It was the week of Thanksgiving 2019, and we went in for our 20 week ultrasound excited to see our baby. During the scan the tech noticed a hole in the heart, so they sent us to MFM the following day for a more in-depth scan. After the scan, they took us to a separate “comfortable” room to review the results which immediately raised our concerns. A doctor came in, introduced herself, and confirmed that there was in fact an issue with the heart, an AV canal defect, and that there were markers that caused her to think our baby might have Down Syndrome. We took the steps of further testing and waited on a call to come later in the week. 

We spent the rest of the week surrounded by family, moving to adjust our expectations for what we ultimately knew in our hearts. That following Friday the genetic counselor called to confirm our baby had Trisomy 21, a form of Down Syndrome. The rest of the pregnancy was filled with doctors’ appointments, ultrasounds, anxiety, and questions. We learned a lot during this time; such as there isn’t a “spectrum” for Down Syndrome. There are no limitations! 

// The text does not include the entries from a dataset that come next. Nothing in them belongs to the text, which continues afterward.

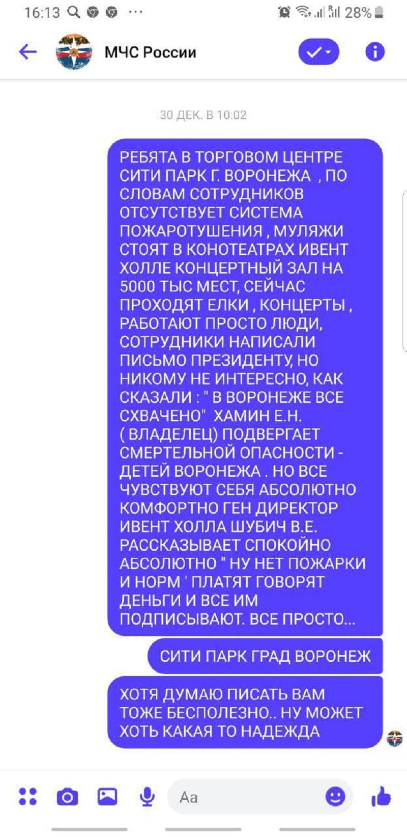 – Когда я услышала эту информацию (прим. о неработающей системе пожаротушения), я стала спрашивать у сотрудников торгового центра, которые давно работают. Они говорят: «Да, в марте 2020 приходили из МЧС, так мы тут бегали все, муляжи клеили», – рассказывает Оксана Пятницына. – А когда МЧСники пришли проверять шахты дымоудаления при помощи бумаги, то она даже не шевелилась. В это время приходит приказ о прекращении проверок – началась пандемия. Ребята (прим. сотрудники «Града») очень боятся писать сами. Они боятся Хамина, потому что думают, что все «куплено», все мстительные и на работу никуда в Воронеже не устроятся, так как их сразу уволят, а у всех семьи, дети .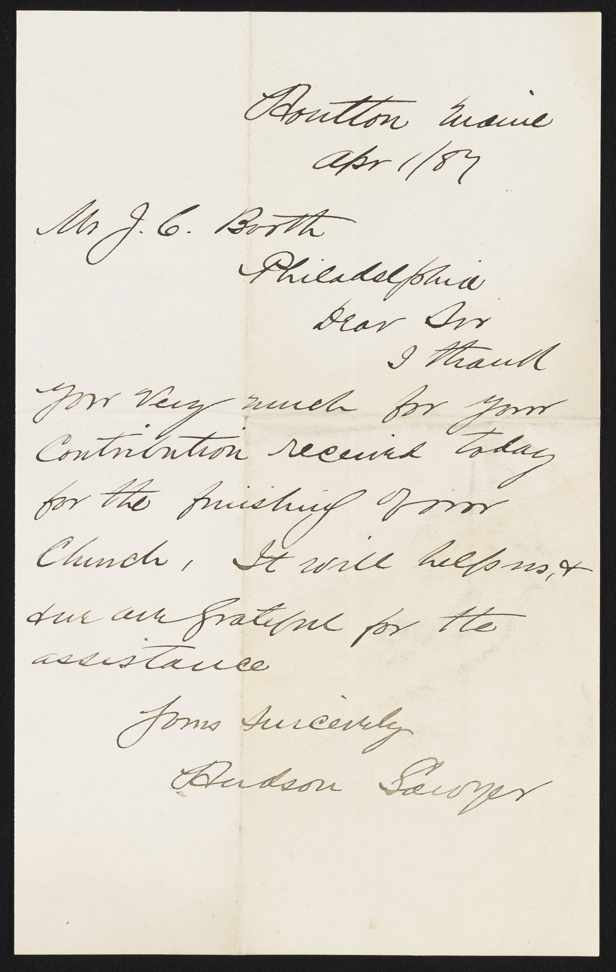 A thank you note from Hudson Sawyer to James Curtis Booth (1810-1888) for Booth's contribution toward church furnishings.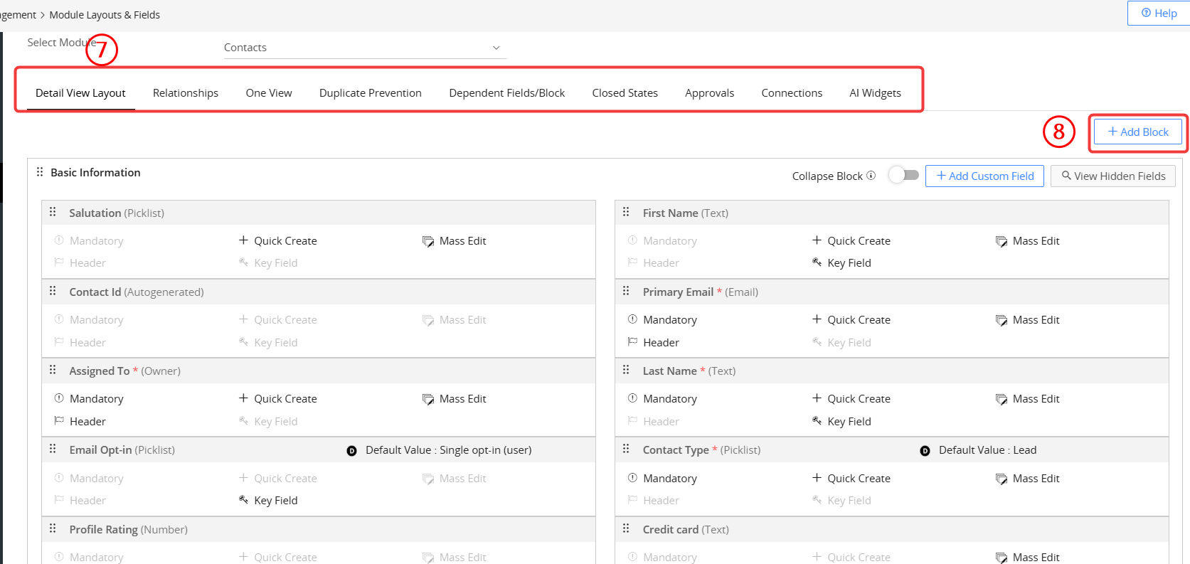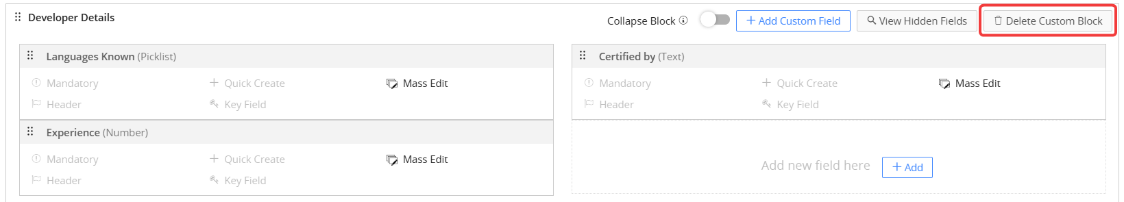 - Custom Blocks: Create new blocks in any module to organize related fields and enhance data organization.

At the 37-week appointment we were told that it was time for our baby to be delivered, and the next morning our son Ransom arrived. He spent 24 hours in the NICU for heart observation before officially joining us. Meeting our child brought so much joy and relief. He looked a lot like his dad, Edward, and, regardless of having hypotonia (low muscle tone), we were thrilled that he learned to breastfeed. We got plugged into therapies and BabyNet, but mostly just enjoyed getting to know and cuddle our baby the following 4 months. 

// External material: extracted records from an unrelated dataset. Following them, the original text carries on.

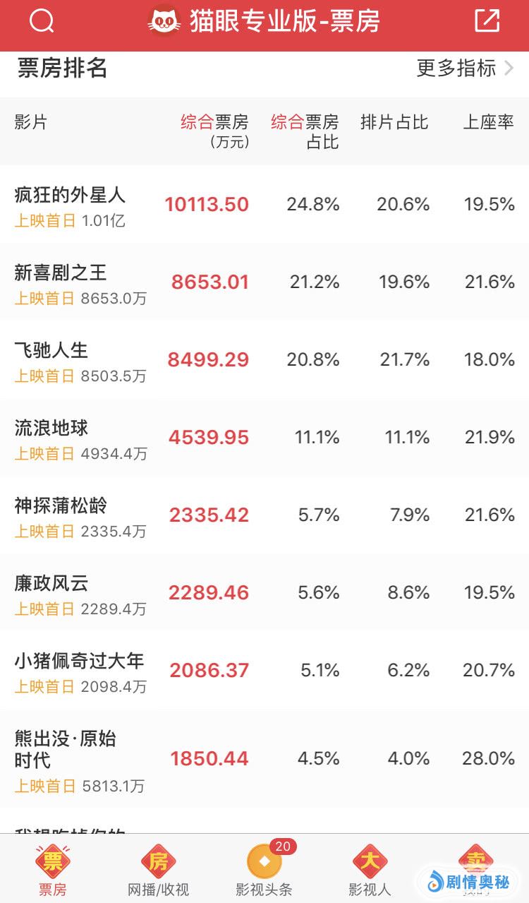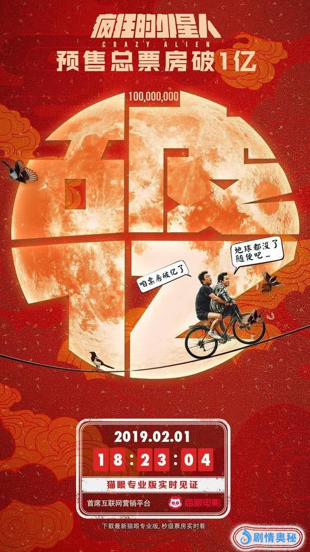根据猫眼专业版数据,截止至2月2日晚,万众瞩目的春节档电影《疯狂的外星人》大年初一预售票房正式突破1亿!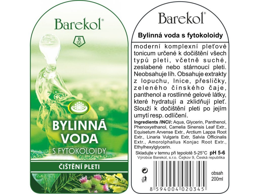 - obsahuje extrakty z lopuchu, lnice, přesličky, zeleného čínského čaje, panthenol a rostlinné gelové látky, které hydratují a zklidňují pleť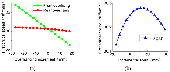 Influence of suspension and span on first-order critical speed: (a) eccentric shaft overhang; (b) spindle span.
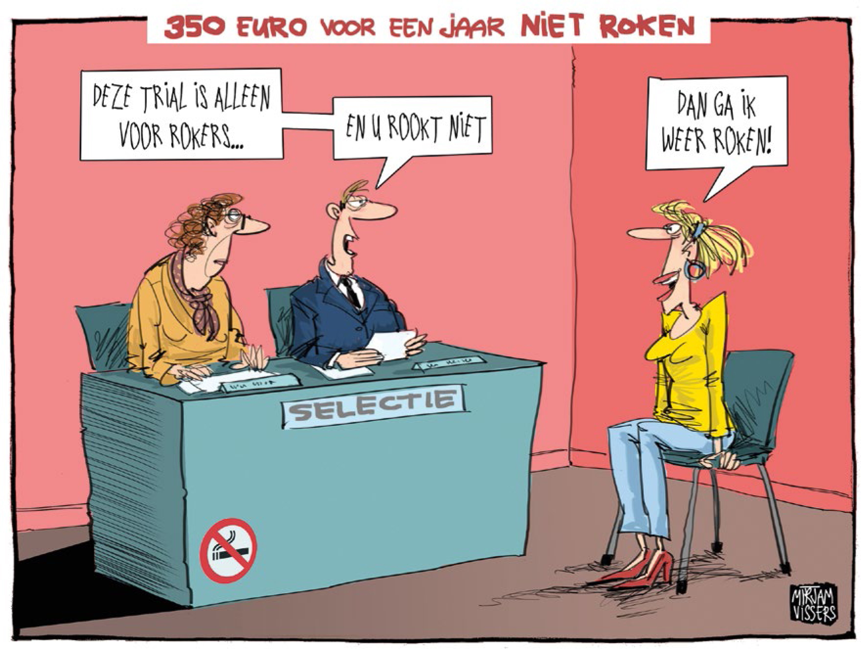 Voor verzekeraars zijn de resultaten van ons onderzoek wellicht aanleiding om niet alleen de stoppen-met-rokenbehandeling zelf te vergoeden, maar ook na te denken over een financiële beloning voor degenen die met succes weten te stoppen. Dat zou de behandeling effectiever maken.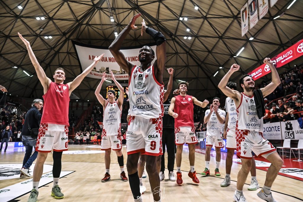Torna la luce in casa Estra che esce dal tunnel nero dopo 9 domeniche di buio. Un Christon da 29 punti e un Kemp da 14 punti e 13 rimbalzi conducono i biancorossi alla prima vittoria del 2025 per iniziare il girone di ritorno nel migliore dei modi. Da segnalare per i biancorossi l’espulsione di coach Okorn per doppio tecnico.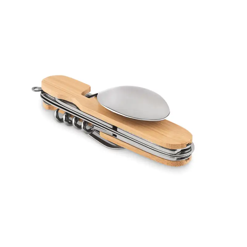Комплектът включва 5 функции: вилица, лъжица, нож, отварачка за консерви и отварачка за вино. Частите могат да се разделят на две, за по-лесно използване и почистване. Поради естествения произход на дървото, може да има леки вариации в цвета и размера на корпуса, което прави всеки комплект уникален.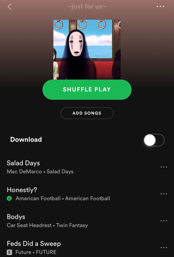 Add an all lowercase title with random symbols like “~just for us~”, add a frame from any Studio Ghibli movie as the picture for it and you have a perfect playlist that you will either never listen to after 4 days or will cry about every time you see her making a collab playlist with another dude.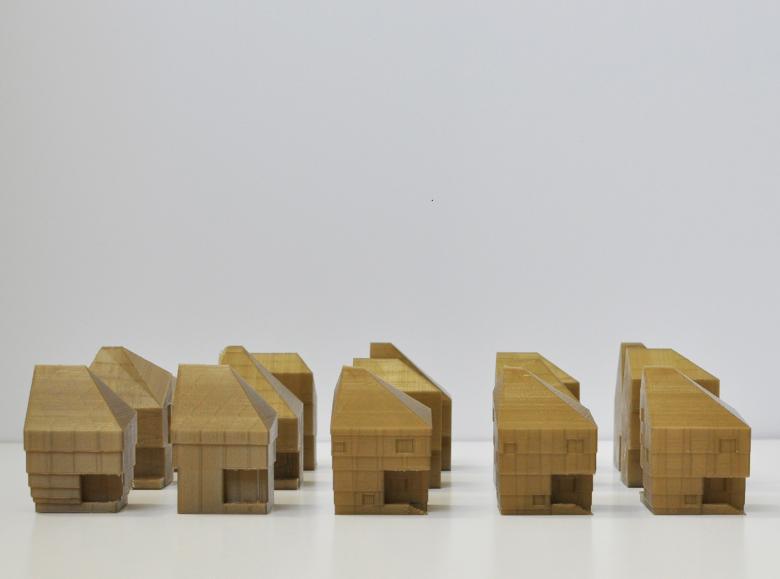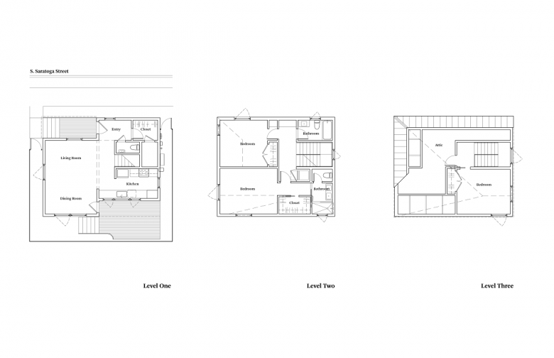 The overall form, ambiguously reminiscent of a traditional home, was devised to manipulate the perception of its true height and scale. The massing moves up and out, reflecting the open-space requirements of the first floor and the need to maximize permitted buildable area on the remaining floors. This is further reinforced with the detailing of the exterior cladding. Like other Starter Home* projects, 4514 S. Saratoga needed to utilize a ubiquitous and cheap material. In this case conventional cementitious panels were detailed to step out at controlled intervals to obscure the height of floor plates. Vertical batten strips, placed at varying widths, were misaligned to reinforce the stepped banding. From the street the upper floor is encapsulated in the volume of the roof, with the eve line no higher than a typical two-story home. The form opens up towards the rear and side to allow windows into the third-floor room. This peaked portion of the home, while not immediately present from its own street front, is seen along adjacent streets in an intentional interaction with the adjacent rooftop dormers, uncannily present though not entirely clear where it belongs.

That August we went Charleston for Ransom to have his open-heart surgery. We prayed for his heart to heal on its own, but came to trust the Lord’s plan for our us in this experience. We were amazed at how well Ransom recovered and throughout that experience felt that God had put us in the hands of an exceptional team at MUSC and our surgeon, Dr. Bradley.

Ransom is curious, loves people and putting on a show. He’s great with sounds and has real rhythm (not something he got from his Mama). He loves his sleep and teasing his dad. He is a lot of fun and very active! We are so proud of him and are amazed by how hard he works. 

Since that initial diagnosis day, we have come to realized how narrow our perspective was before and how wonderful it is to have our eyes and heart broadened to something different than our original expectations. We are so thankful for the new friends and connections we’ve made in the past two years. We hope the world continues to understand how wonderful and beneficial inclusion is through the efforts of wonderful organizations like KIND.